Combination Sum I, II and III Java solution (see the similarities yourself)


  • 39
    I

    Combination Sum I

    public List<List<Integer>> combinationSum(int[] candidates, int target) {
        List<List<Integer>> list = new ArrayList<>();
        Arrays.sort(candidates);
        backtrack(list, new ArrayList<Integer>(), candidates, target, 0);
        return list;
    }
    
    private void backtrack(List<List<Integer>> list, List<Integer> tempList, int[] cand, int remain, int start) {
        if (remain < 0) return; /** no solution */
        else if (remain == 0) list.add(new ArrayList<>(tempList));
        else{
            for (int i = start; i < cand.length; i++) { 
                tempList.add(cand[i]);
                backtrack(list, tempList, cand, remain-cand[i], i);
                tempList.remove(tempList.size()-1);
            } 
        }
    
    }
    

    Combination Sum II

    public List<List<Integer>> combinationSum2(int[] candidates, int target) {
       List<List<Integer>> list = new LinkedList<List<Integer>>();
       Arrays.sort(candidates);
       backtrack(list, new ArrayList<Integer>(), candidates, target, 0);
       return list;
    }
    
    private void backtrack(List<List<Integer>> list, List<Integer> tempList, int[] cand, int remain, int start) {
       
       if(remain < 0) return; /** no solution */
       else if(remain == 0) list.add(new ArrayList<>(tempList));
       else{
          for (int i = start; i < cand.length; i++) {
             if(i > start && cand[i] == cand[i-1]) continue; /** skip duplicates */
             tempList.add(cand[i]);
             backtrack(list, tempList, cand, remain - cand[i], i+1);
             tempList.remove(tempList.size() - 1);
          }
       }
    }
    

    Combination Sum III

    public List<List<Integer>> combinationSum3(int k, int n) {
        List<List<Integer>> list = new ArrayList<>();
        backtrack(list, new ArrayList<Integer>(), k, n, 1);
        return list;
    }
    
    private void backtrack(List<List<Integer>> list, List<Integer> tempList, int k, int remain, int start) {
        if(tempList.size() > k) return; /** no solution */
        else if(tempList.size() == k && remain == 0) list.add(new ArrayList<>(tempList));
        else{
            for (int i = start; i <= 9; i++) {
                tempList.add(i);
                backtrack(list, tempList, k, remain-i, i+1);
                tempList.remove(tempList.size() - 1);
            }
        }
    }

  • 1
    M
    def __init__(self):
        self.result = []
        self.candidates = []
        
    def combinationSum2(self, candidates, target):
        """
        :type candidates: List[int]
        :type target: int
        :rtype: List[List[int]]
        """
        candidates.sort()
        self.candidates = candidates
        self.findCombinations(0, [], target)
        return self.result
    
    def findCombinations(self, index, data, n):
        
        if(n<0):
            return
        if(n == 0):
            self.result.append(data)
            return
        if(index==self.candidates.__len__()):
            return
        visitedIndex = None
        for i in range(index,self.candidates.__len__()):
                if visitedIndex != self.candidates[i]:
                    self.findCombinations(i+1, data+[self.candidates[i]], n-self.candidates[i])
                visitedIndex = self.candidates[i]

  • 0
    R

    Hi

    Awesome compilations of all the three solutions.
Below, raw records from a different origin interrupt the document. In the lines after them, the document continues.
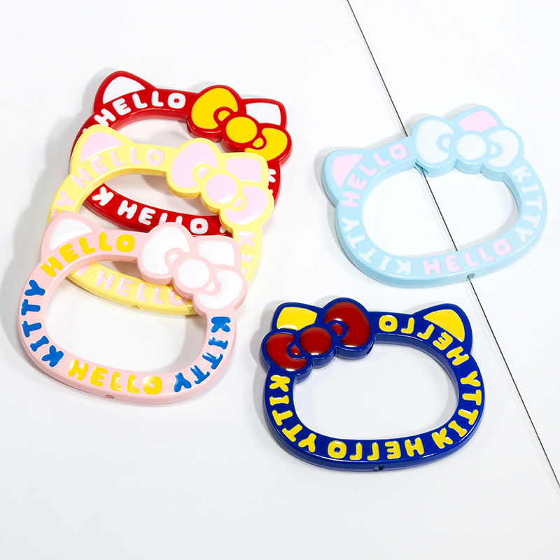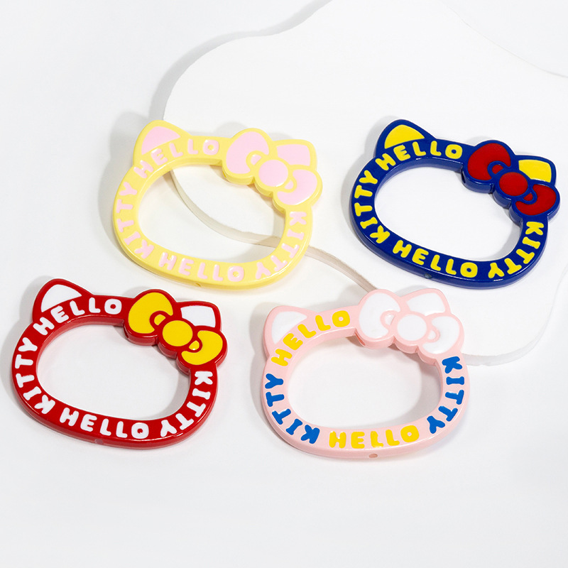 Add playful charm to your DIY projects with these 72mm acrylic Hello Kitty bead frames, bursting with vibrant colors like pastel pink, royal blue, and bright red. Their distinctive shape features iconic kitty ears and a bow, cleverly combined with bold “Hello Kitty” lettering that wraps neatly around the open center.
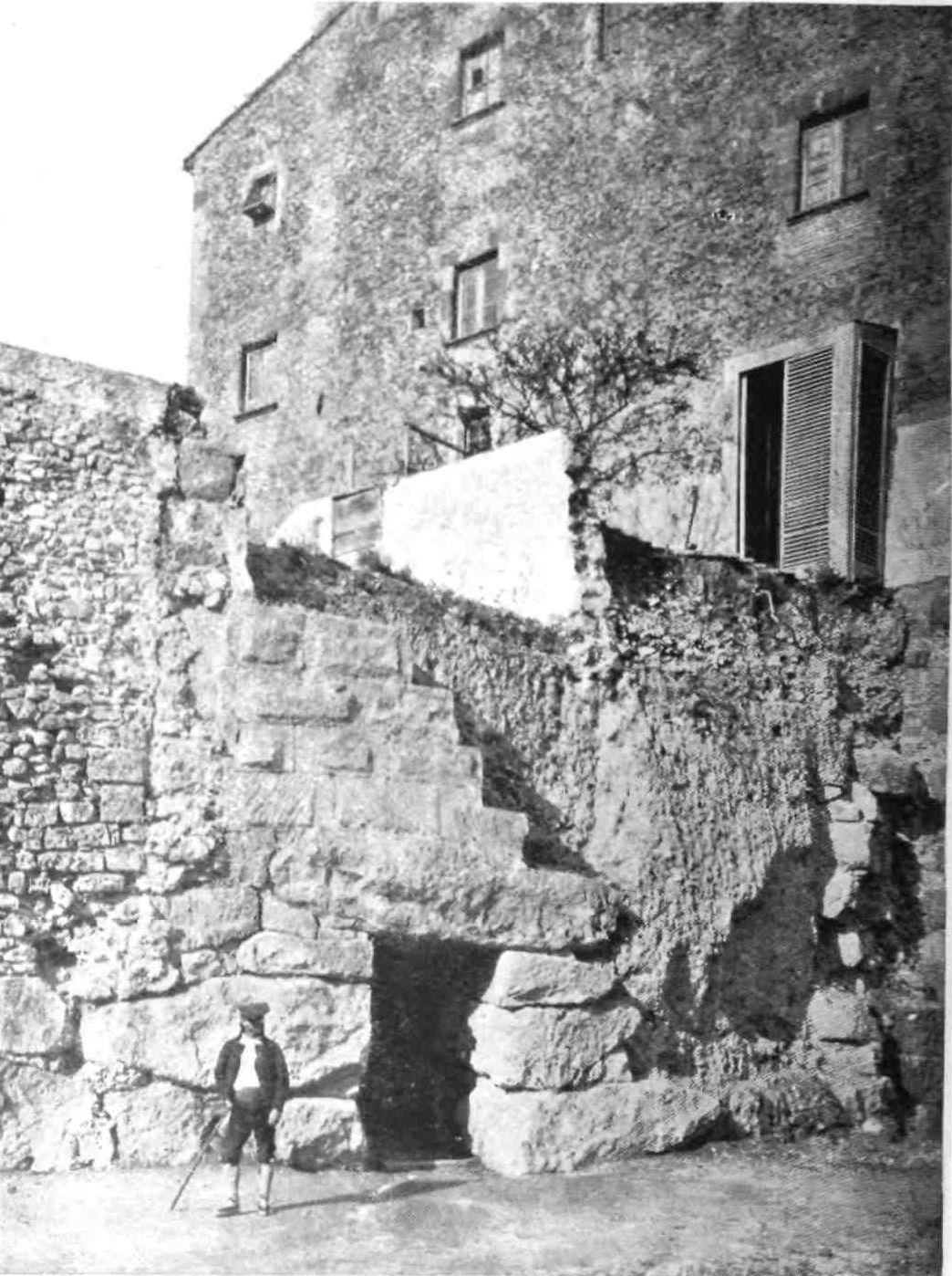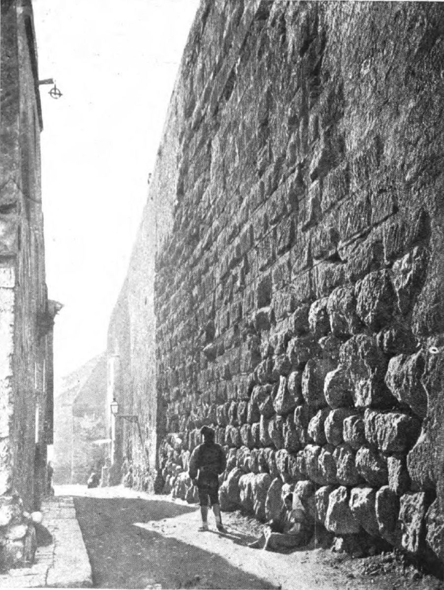 These edifices apart, the Middle Ages have done little for Tarraco togata. Its remaining monuments belong to its infancy and prime. The Cyclopean walls, now declared a national monument, extend from near the Puerta del Rosario to the crest of the hill on which the city stands, and thence to the eastern angle of the ancient prætorium, now converted into a prison. The base of this wall is formed by huge blocks of unhewn stones, uncemented, and with their interstices filled by smaller stones. The character of the work bespeaks the primitive nature of the builders. On this rude foundation rests the more regular work of the Roman conquerors. The enceinte formed by these walls is of the shape of an irregular polygon, measuring three-quarters of a mile across, and open on one side. The angles are defended by square towers, and the curtains are pierced by gates, to some of which the name “Puerta ciclopea” is given. The{60} Puerta del Rosario, called in the Middle Ages “Portal de Predicadors,” is about eight yards thick and is roofed by an enormous block of stone about 36,000 kilogrammes in weight. On the stones composing the Roman part of the wall, Iberian letters are traced. These were merely masons’ marks for the guidance of the native workmen, and form no words. The Torre del Arzobispo was raised in Christian times on the old Roman tower. The wall extending to the Torre del Capiscol is attributed to the Scipios, and dates in any case from their time. The principal Roman gate, called the Puerta del Socarro, is a noble work formed by three concentric arches. Passing through this we obtain a fine view of the strip of wall built by order of Hadrian, and may re-enter the city by the eighteenth-century gate of San Antonio, which pierced a wall built or restored by Norman adventurers in the twelfth century.
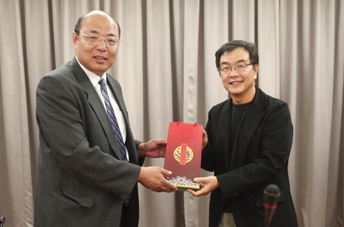 臺灣聯(lián)合晚報社長項國寧(右)與參訪團團長、中國臺灣網(wǎng)副總編輯吳彤互贈禮物。(中國臺灣網(wǎng) 陳佳慧 攝)
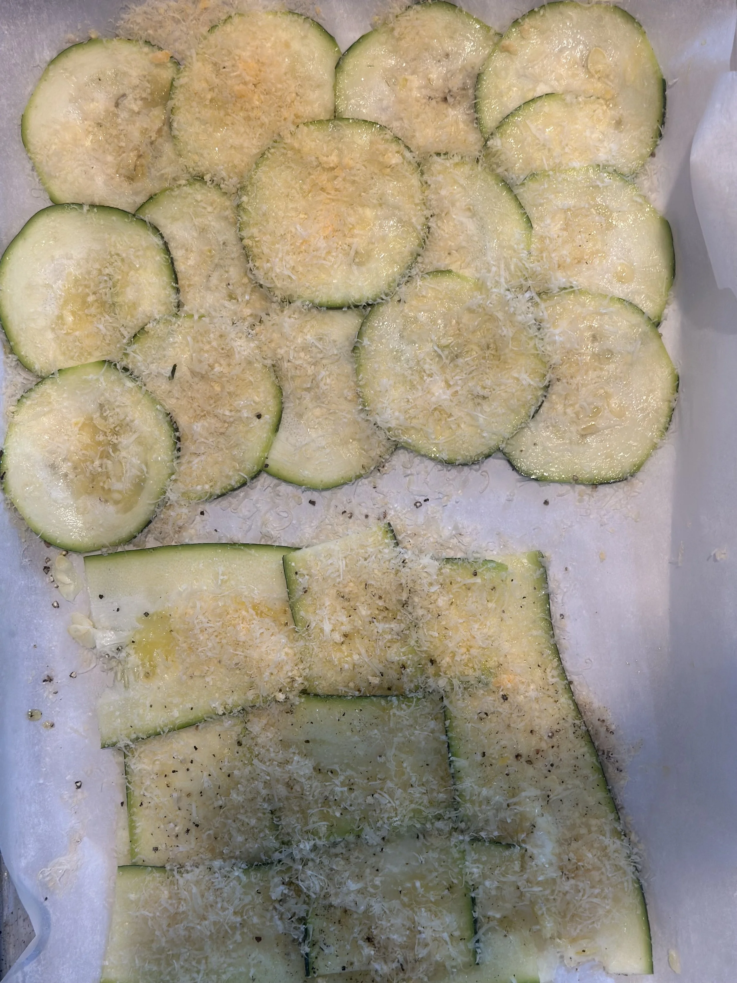 I decided to try slicing this baby two different ways - lengthwise and in coins. I was curious to see which way would hold food / it’s shape better. Zucchini is tricky though - there’s such a high water content that you have to let it dry out before you start roasting it - otherwise it turns into a goopy mess. So I cut it in half and then mandolined both options and put them on paper towels for about an hour - then I pressed them on both sides to get any additional water out.
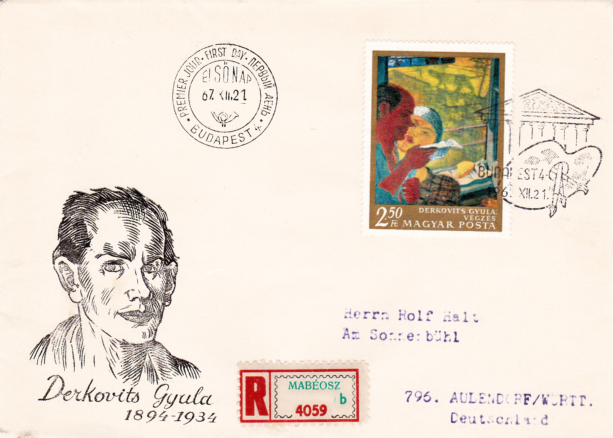In einer Serie "Gemälde der Nationalgalerie Budapest Meister des 20. Jahrhunderts" ist in Ungarn 1967 auch eine Marke (MiNr 2375 A) mit dem Gemälde "Zwangsräumungsbeschluss" von Gyula Derkovits erschienen. Hier wurde eine Marke auf einem Brief mit Einschreiben nach Deutschland zur Frankatur verwendet.
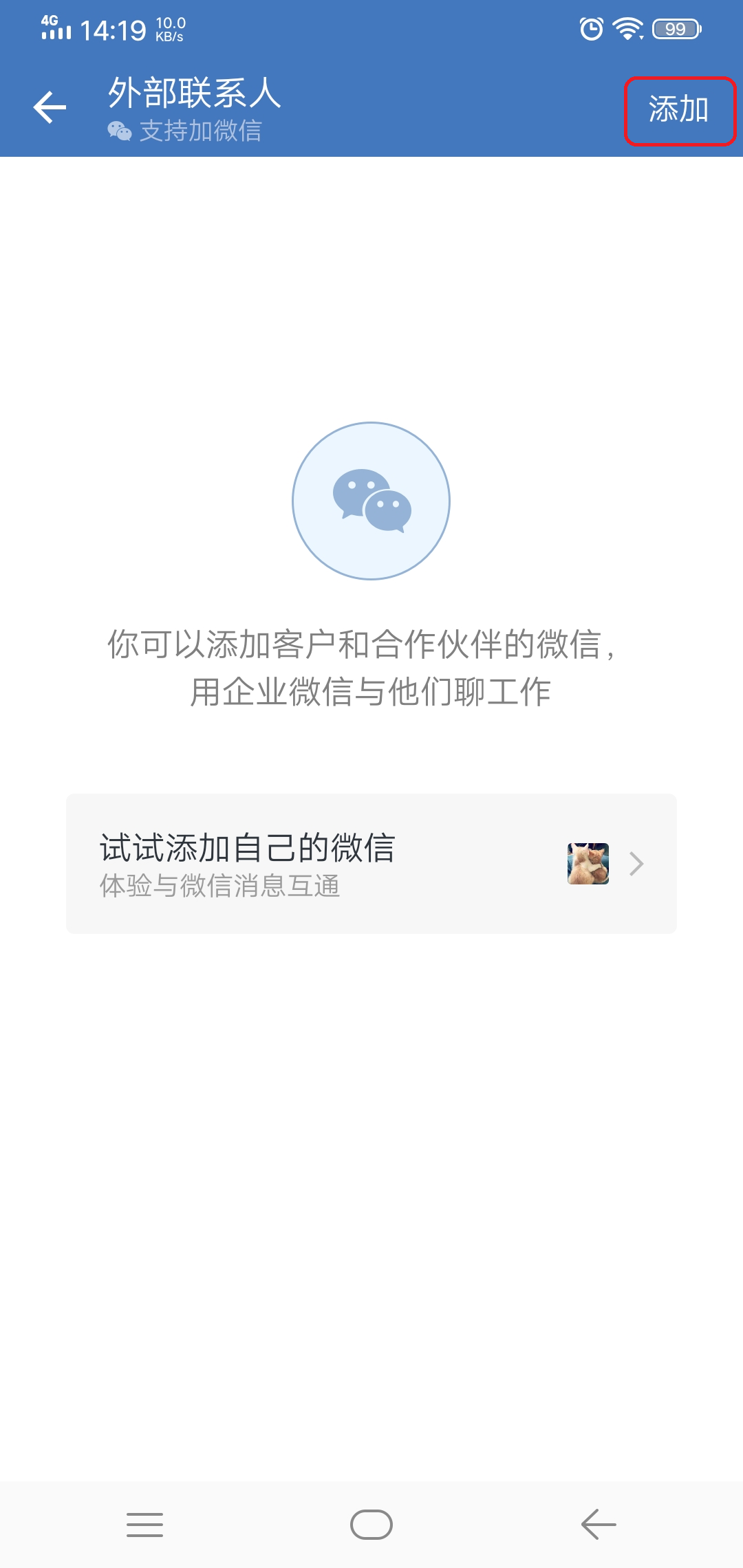 第三步,进入到外部联系人界面后,我们找到界面右上角的【添加】选项,并点击打开。
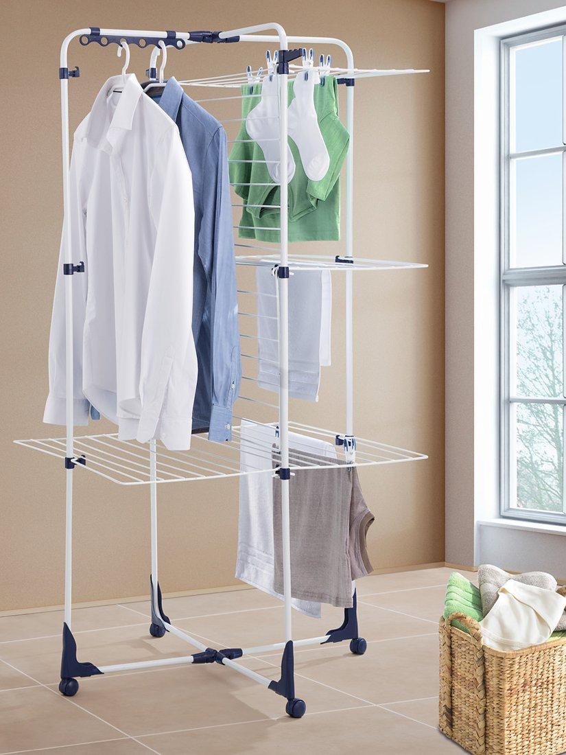 Often upright clothes airers like this are difficult to move around once loaded, but this one has 4 rollers at its base so even when fully loaded it can be moved in all directions easily. And once the washing is dry it can be fully folded flat for storage.
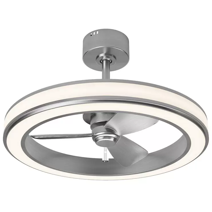 With its quiet motor and remote control, the Edwin LED fan appeals to those looking for lighting that's both functional and aesthetic. Its industrial design makes it the ultimate accessory for urban decor. Robust and sealed bearings offer peace and quiet, while reversible rotation allows for better ventilation.Thanks to its remote control, it's easy to adjust the 3 speeds and brightness. What's more, Edwin features an on/off timer for your convenience. Designed for maximum efficiency, Edwin requires no bulbs and is easy to install. It provides 50,000 hours of illumination.
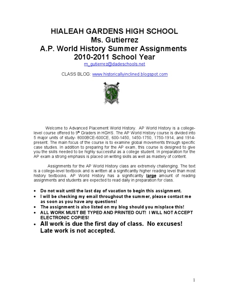 Http Www Freeman Pedia Com S 2015 Ap World Summer Assignment Pdf
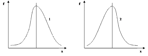 Рисунок 1 – Распределение: 1 – с правосторонней асимметрией; 2 – с левосторонней асимметрией.
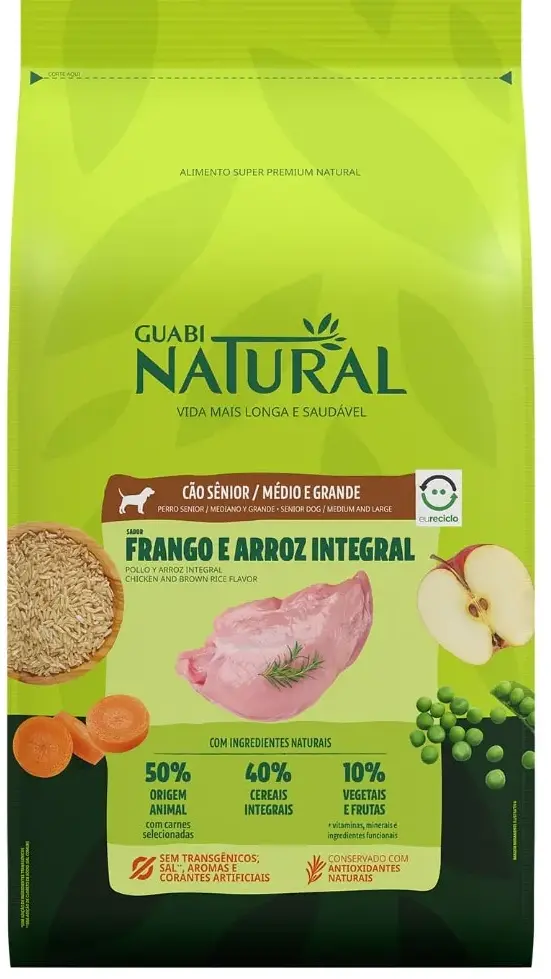 Guabi Natural Dog Medium & Large Senior (Цыпленок, рис) — полнорационный сухой корм для пожилых собак средних и крупных пород.
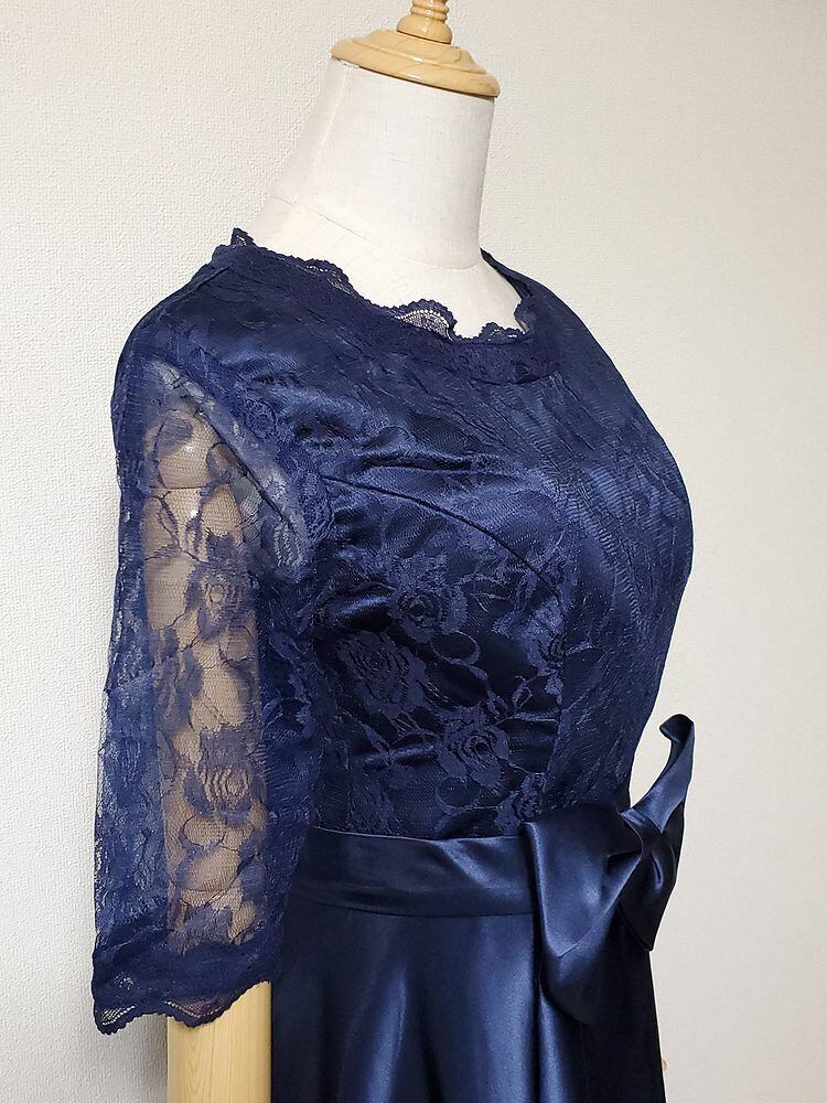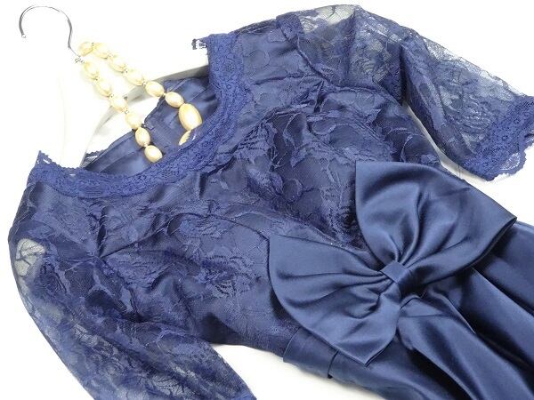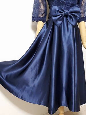 エレガントパ-ティ-ワンピ-スです。ウエストの大きなリボンがとても可愛い気品に満ちたとてもエレガントで上品なひとクラス上をいく一品です。トップス部分のレースの透け感もとても上品でエレガントです。裏地有。背中ファスナ-有。胸パット付き。

Could you please tell me why we need the condition "i > start" in the second combination problem where we skip duplicates?


  • 0
    L

    @issac3 Why do we need to sort the element in the First case i.e. Combination Sum 1?


  • 0
    C

    good summary, thx


  • 0
    G

    Thank you so much for summarizing the similarities in a succinct manner.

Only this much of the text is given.